Al Jazeera Media Network is an “internal affair” and there will be no discussion about the fate of the Doha-based broadcaster with nations that imposed a blockade on Qatar, its foreign minister says, Al Jazeera reports.
Reports have suggested countries behind the economic sanctions on Qatar – Saudi Arabia, UAE, Bahrain, Egypt, and others – are demanding the closure of Al Jazeera, a media group that has been targeted in the Middle East because of its critical reporting.
Speaking at a news conference in Paris, France on Monday, Foreign Minister Sheikh Mohammed bin Abdulrahman Al Thani said he had no idea why the Saudi Arabia-led bloc of nations imposed a blockade on Qatar.
“It’s not about Iran or Al Jazeera,” he said. “We have no clue about the real reasons … Qatar is willing to sit and negotiate about whatever is related to Gulf security.” But he said Qatar does not accept “foreign dictations”.
“Doha rejects discussing any matter related to Al Jazeera channel as it considers it an internal affair,” Qatar News Agency quoted the foreign minister as saying. “Decisions concerning the Qatari internal affairs are Qatari sovereignty – and no one has to interfere with them.”
After the crisis erupted last week, Saudi Arabia closed Al Jazeera’s bureau in Riyadh and halted its operating licence, accusing the network of promoting “terrorist groups” in the region. Jordanian officials quickly followed, announcing the closure of the Al Jazeera bureau in Amman and the withdrawal of its operating licence.
The demand to close the Doha-based Al Jazeera TV channel made by Gulf Arab states is a crime violating freedom of speech, the channel’s director Yaser Abuhilala told Sputnik on Friday.
“I am against demands to close any media outlet, because it is a crime, a violation of basic human rights to freedom of speech… If Al Jazeera violated something, anyone could sue it – in a Qatari court or in [a court of] any other country, it is the legitimate right of every person harmed by the media. But the demand to close [Al Jazeera] is a crime,” Abuhilala said.

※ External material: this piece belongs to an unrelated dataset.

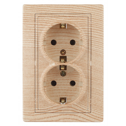 Розетка двойная 2-я серии Intro Plano скрытой установки цвет сосна 1-205-11. Номинальные характеристики 16А 250В. Розетка выполнена из керамики, укомплектована одноместной рамкой, оснащена винтовыми клеммами. Клеммы с двумя отверстиями позволяют соединять соседние розетки шлейфом. Установка в подрозетник производится как на монтажные лапки, так и на винты.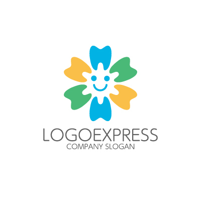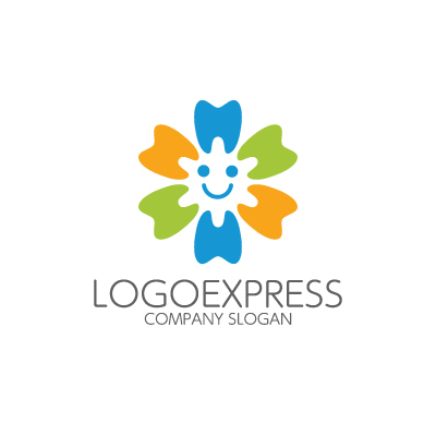 中央の笑顔は、幸福、喜び、安心感、そしてポジティブな体験を象徴し、見る人に心地よい印象を与えます。青、オレンジ、緑といったカラフルな歯のモチーフは、多様なサービス、健康的な口元、清潔感、そして楽しさを意味し、子供から大人まで幅広い年齢層に安心して利用してもらえる企業姿勢を表現します。歯が花のように並ぶデザインは、開花、成長、そして美しさを連想させ、健康的な口元がもたらす自信と輝きを伝えます。歯科医院、小児歯科、矯正歯科、ホワイトニング、口腔ケア製品、子供向け医療サービスなど、清潔感、信頼、楽しさ、そして健康をアピールしたいあらゆる業界に最適です。

He added that Al Jazeera covered the diplomatic row between Qatar and Gulf Arab states from the first day in a professional and impartial manner, also inviting experts who supported “illegitimate” measures against Qatar.
Saudi Arabia, the United Arab Emirates, Bahrain and Egypt severed diplomatic ties with Qatar on June 5 after accusing it of funding extremism and destabilizing the Middle East. The nations then embargoed all sea, air and land traffic to the country, triggering food shortages.